Julia Roberts, Kate Hudson and Jennifer Aniston star in Gary Marshall’s last film
Having previously directed Valentine’s Day and New Year’s Eve, director Garry Marshall (Pretty Woman) tackles Mother’s Day as his final movie. He passed away in July at the age of 81 after a long Hollywood career. Mother’s Day is a star-studded ensemble comedy headed by Julia Roberts, Jennifer Aniston, and Kate Hudson.
This movie is what I like to call corporate junkfood. It’s safe, bland, mostly harmless entertainment constructed specifically for its target demo of middle-aged women and couples. The mild humor elicits few real laughs but passes the time well enough. Its true value lies in seeing famous movie stars pretending to have the same problems as working-class mothers everywhere. That is likely part of its allure for its intended audience.
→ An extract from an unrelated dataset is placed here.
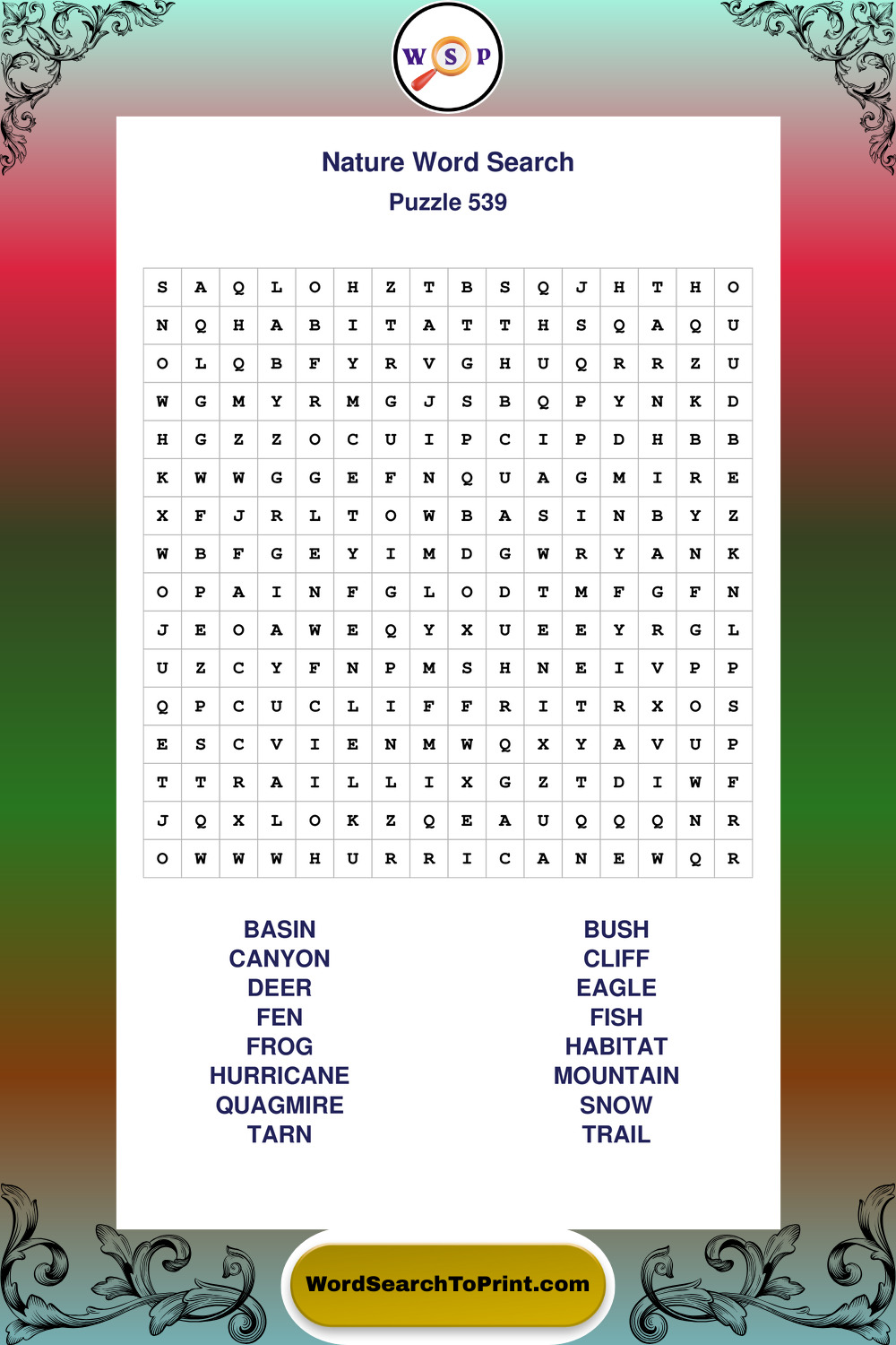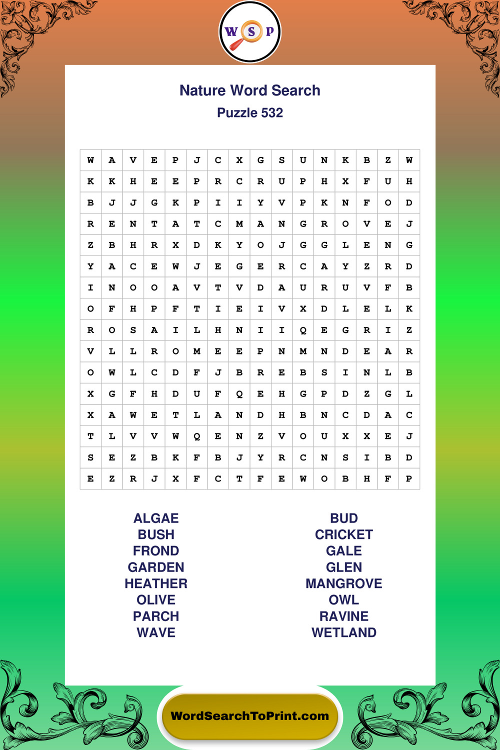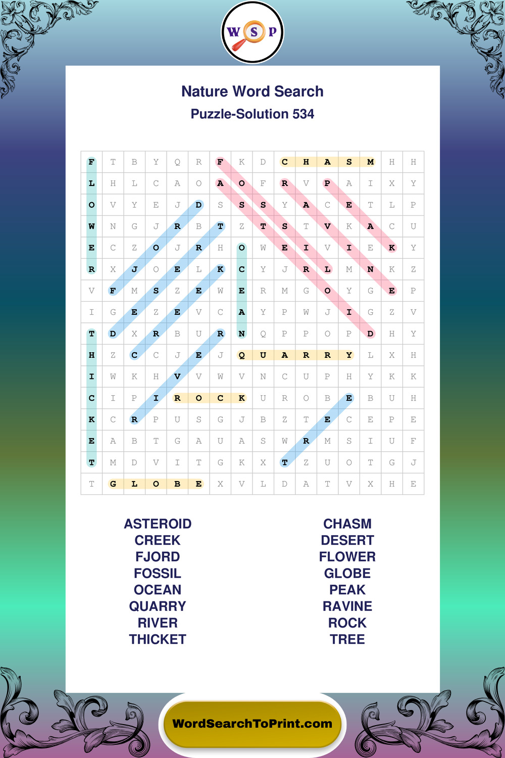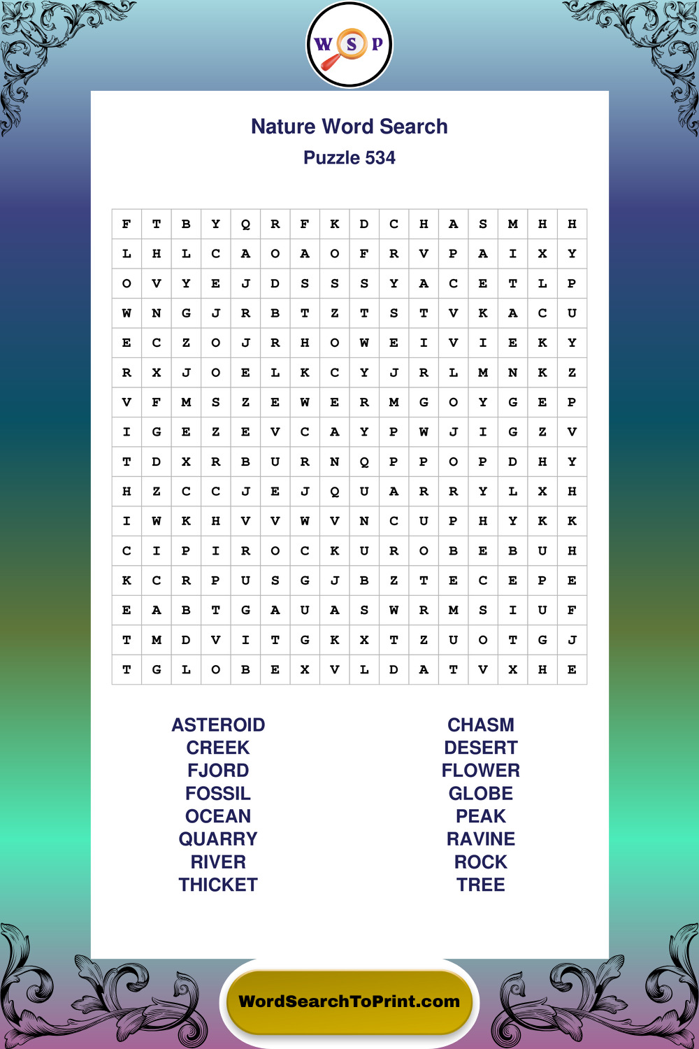 Printable Nature Wordsearch Puzzles
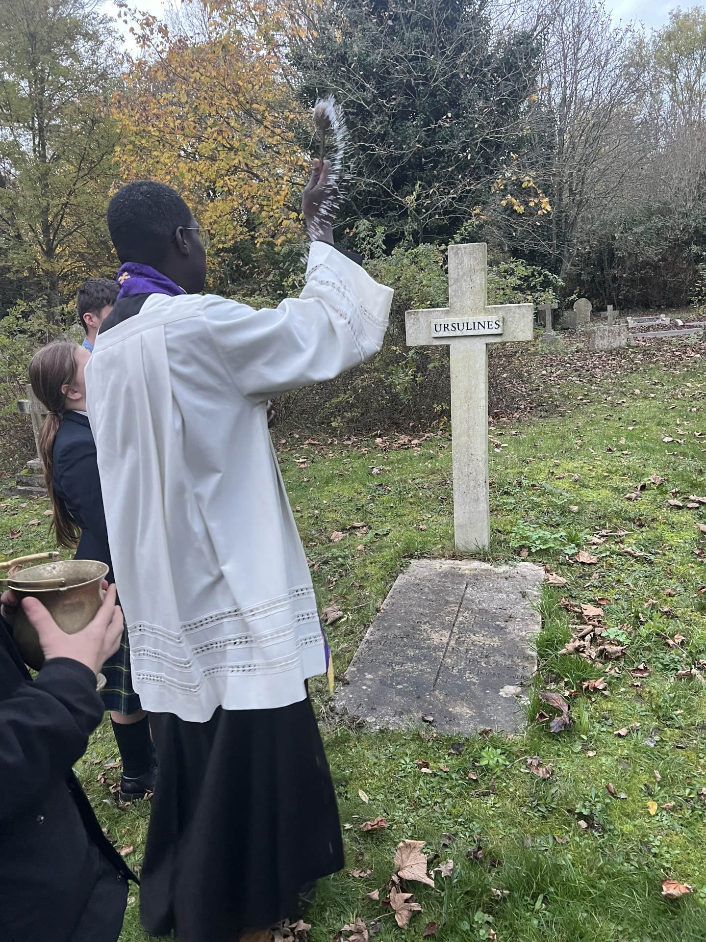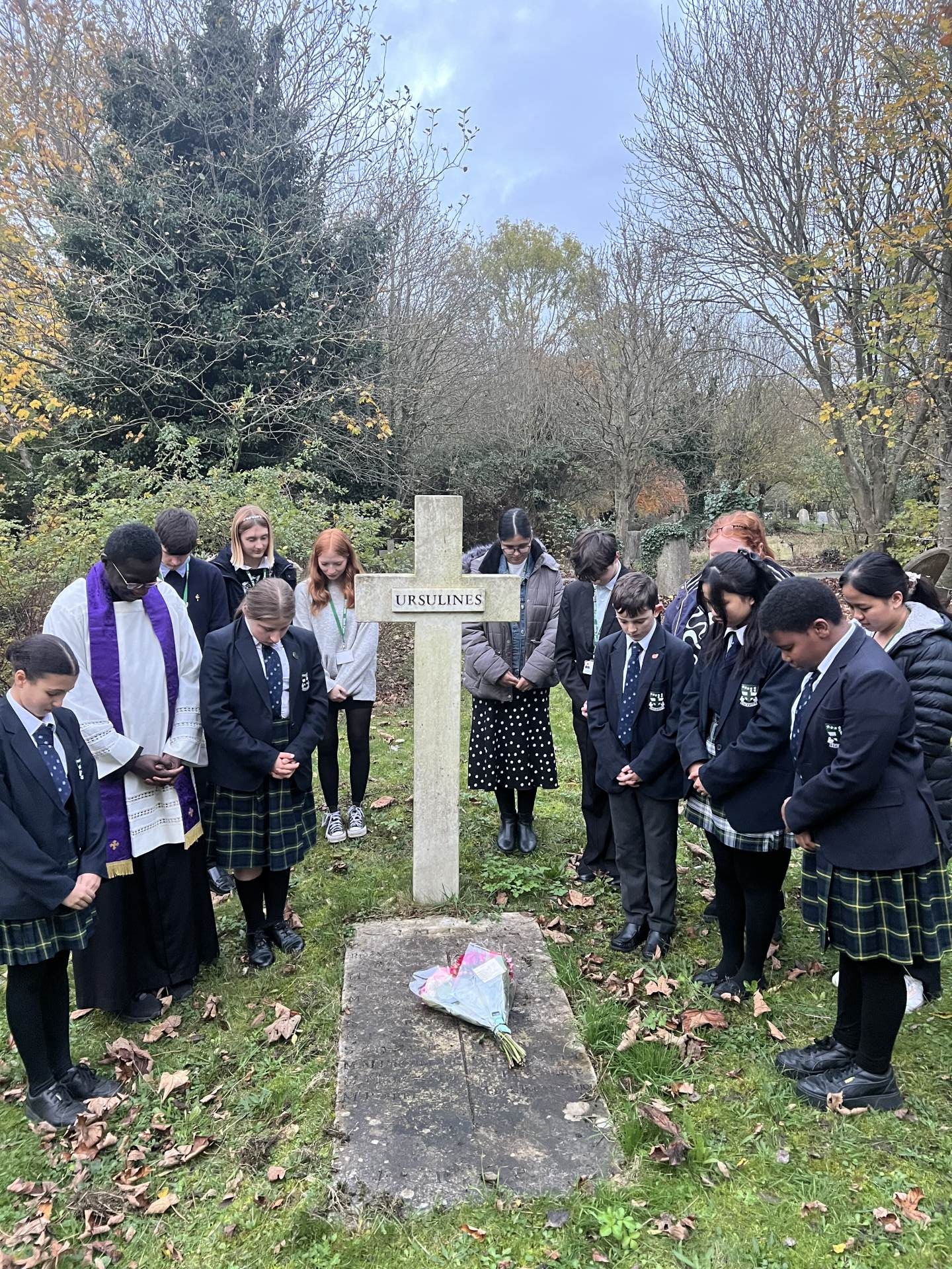 Fr Joe, our local Parish Priest, blessed the graves of other Ursuline Sisters at Margate Cemetery. The Youth SVP played flowers and read aloud their message of thanks to the Ursuline Sisters. We all recited the Ursuline Prayer.

Mother’s Day is a comedy celebrating parenthood and family by showing the bad with the good. Jennifer Aniston, Julia Roberts, Kate Hudson, and Jason Sudeikis lead the admittedly impressive cast in strong form. The plot intersects the lives of a group of people maneuvering their way through a crazy week of difficult relationships in the week leading up to the Mother’s Day holiday. The formula is cute kids, harried mothers, and dysfunctional families. Everything comes together in a pleasant, predictable ending.
It’s nominally set in Atlanta but the entire milieu resembles L.A. in all but name. They all live in McMansions, the children are all undeniably adorable, and everyone lives with a smug sense of superiority. This is certainly not entertainment made by Hollywood aimed at flyover country. Running jokes include a set of homophobic and racist parents.
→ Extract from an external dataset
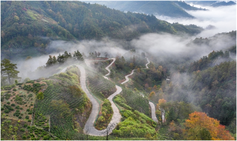 In the Yueli Village of Wuyang Town, Shexian County, the multicolored slopes and the sinuous mountain roads jointly delineate a magnificent winter tableau.
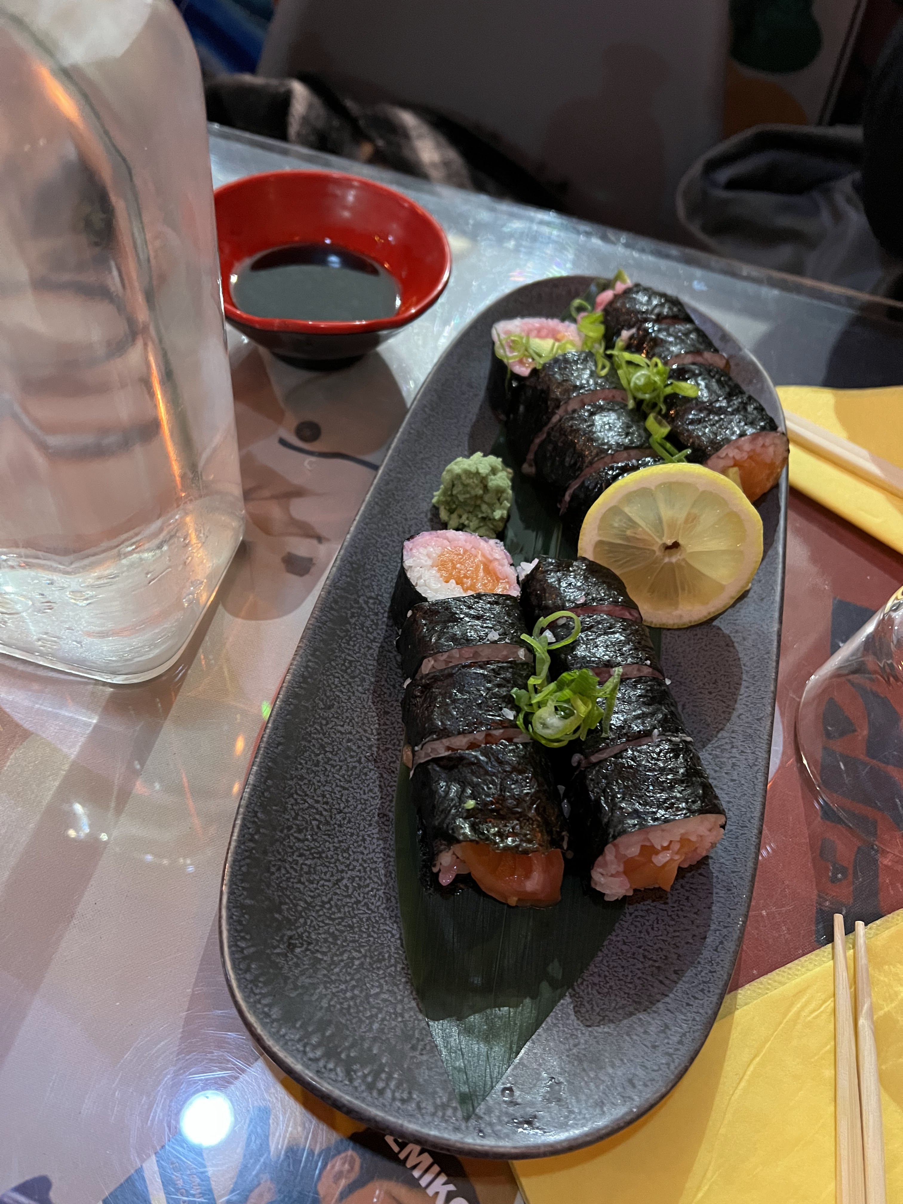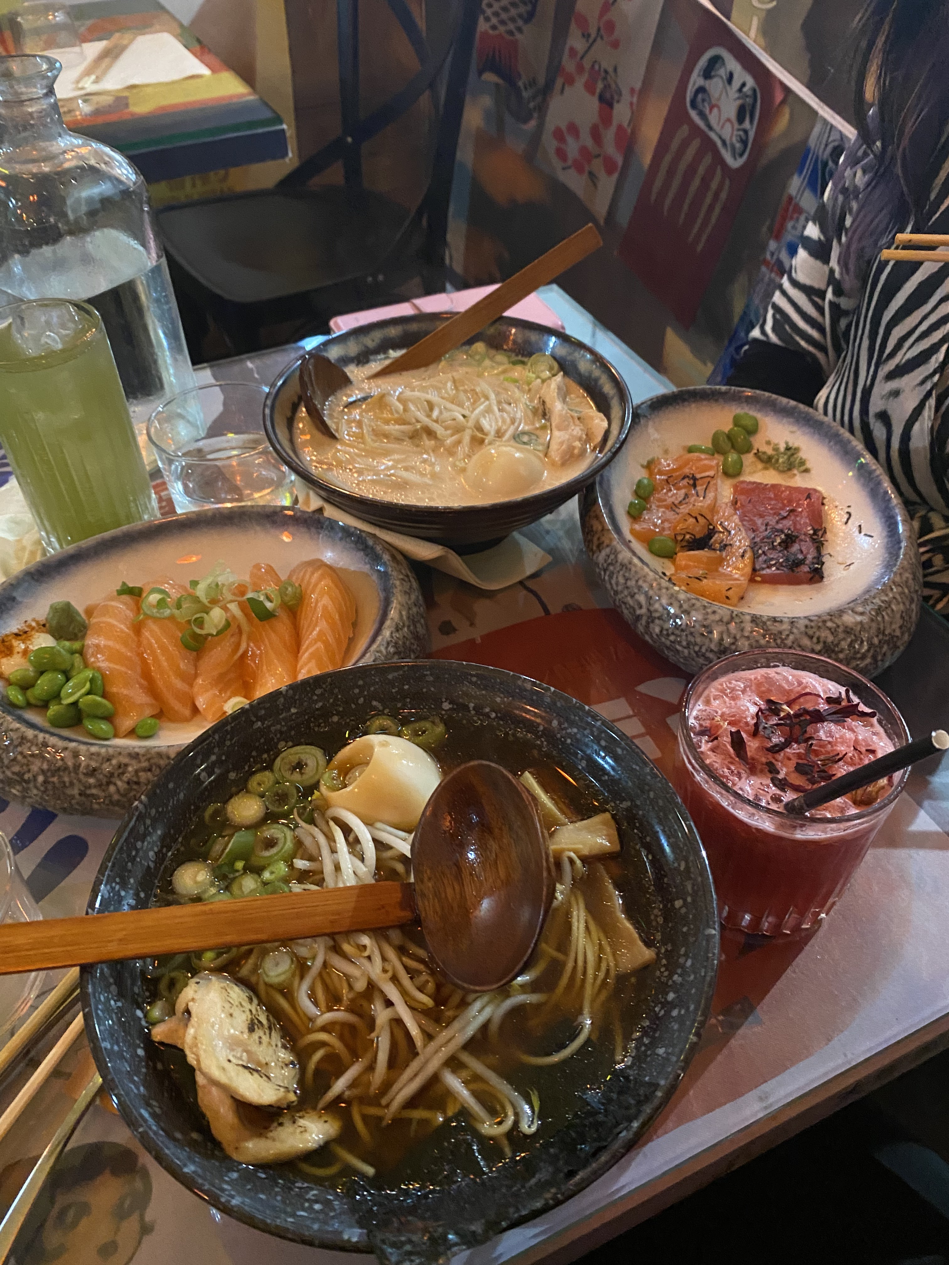 Personnellement, je ne m’y retrouve pas dans les Ramen (j’avais encore faim) je trouvait ça trop salé aussi mais mes copines ont aimer, Pour les sushis avec la sauce soja salé, on se retrouve dans l’authentique ! Certes, mais le prix pourrait être plus abordable, car la tendance du partage ici est assez difficile à concéder (suis je gourmand ? Oui) Niveau service au top, ambiance au top et niveaux présentation, c’est esthétique !

Britt Robertson steals the show from her bigger co-stars as Kristin, a young mother who doesn’t want to marry her long-time boyfriend when he proposes. It’s the one genuinely sweet and touching character arc in Mother’s Day. Jennifer Aniston plays Sandy, a stressed-out mom who dreads having to deal with her ex-husband and his much younger, new girlfriend.
This is for big fans of its stars.
This is for big fans of its stars.
Julia Roberts plays Miranda Collins, a famous writer and celebrity. Kate Hudson and Sarah Chalke play Jesse and Gabi, two sisters who keep their unorthodox relationships hidden from their overbearing parents. Jason Sudeikis plays Bradley, a widowed father coping with the loss of his wife and raising their young daughters by himself. Of the all-star cast, Sudeikis with his comedic background has more fun with his role than the others. For a light comedy, he provides most of the better laughs with his smooth delivery and timing.
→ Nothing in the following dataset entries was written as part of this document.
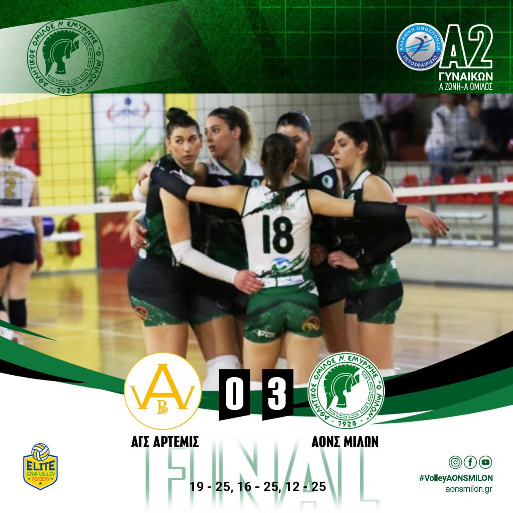 ΜΙΑ ΑΚΟΜΗ ΣΗΜΑΝΤΙΚΗ ΝΙΚΗ ΓΙΑ ΤΗΝ ΠΡΩΤΟΠΟΡΟ ΓΥΝΑΙΚΕΙΑ ΟΜΑΔΑ ΒΟΛΕΙ ΤΟΥ ΜΙΛΩΝΑ ΑΡΤΕΜΙΣ ΚΟΡΥΔΑΛΛΟΎ – ΑΟΝΣ ΜΙΛΩΝ: 0-3 ΠΡΩΤΑΘΛΗΜΑ Α2 VOLLEY ΓΥΝΑΙΚΩΝ
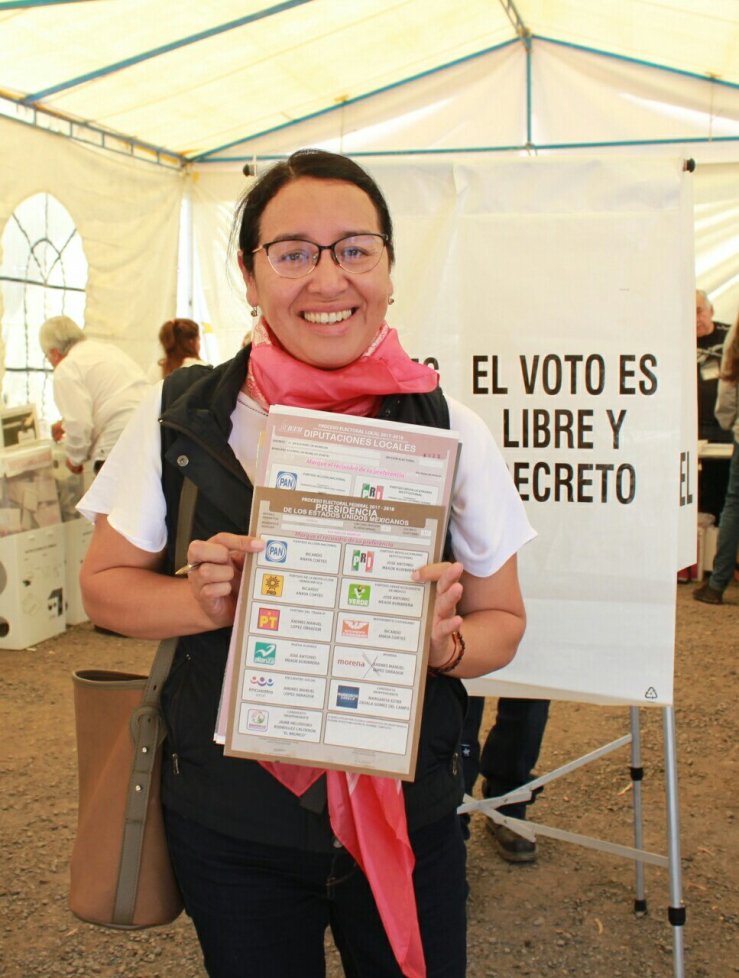 La candidata de MORENA por el distrito 8 local, Azucena Cisneros al emitir su voto en la Unidad Habitacional de la “monera”, de la casilla 7022 destacó amplia participación de la ciudadanía.
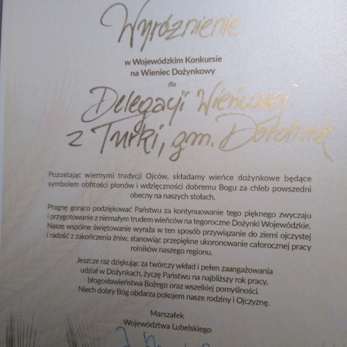 Z wyróżnieniem za wieniec dożynkowy wróciły Panie z Koła Gospodyń Wiejskich w Turce z Dożynek Wojewódzkich, które odbyły się w minioną niedzielę, 11 września w Radawcu.

There is some effort to tie all these characters together by the end. They aren’t all necessarily close friends, reflected in a screenplay credited to several different people. Marshall seems to have taken a hands-off approach, letting each cast member do their thing in their own style. That works some of the time in Mother’s Day but also weakens the narrative.
Mother’s Day is one of those movies couples watch together on a rainy day when nothing else is available. It’s light, sweet, and mostly forgotten by the next day. This is for big fans of its stars. If you enjoyed Marshall’s prior Holiday films, you’ll probably find it entertaining as more of the same.
Universal provides an immaculate video presentation for Mother’s Day. The flawless AVC video encode perfectly renders the 1080P video in brilliant clarity. Some very mild filtering achieves a uniform consistency for the picture.
The 118-minute main feature is encoded in AVC on a BD-50 at nearly maximum bitrates. Shown in a fine 1.85:1 aspect ratio, it has a vibrant contrast with warm flesh-tones.
Most average moviegoers will consider this sparkling picture quality with life and nice color saturation. The razor-sharp definition has excellent detail, if a bit lacking in the tightest close-ups.
The 5.1 DTS-HD MA soundtrack offers a mild surround experience. This is mostly a dialogue-driven dramedy with a handful of musical selections to liven things up. The crystal-clear audio is mostly confined to the front soundstage with a few discrete surround elements. Given the limited sound design, one would almost think this was mixed for television.
Optional English SDH, Spanish, and French subtitles appear in a white font.
First pressings come in a regular slipcover. The included digital copy is good for either UV or iTunes in HD quality.
Gag Reel (09:48 in HD) – Normal gag reel material with cast flubbing their lines or goofing off. Director Gary Marshall briefly appears in this extended featurette, giving a short discussion.
Deleted Scenes (04:59 in HD) – Six scenes in total, including one from the stand-up set with the baby.
Universal Trailers (03:27 in HD) – These trailers for other Universal movies play before the main menu.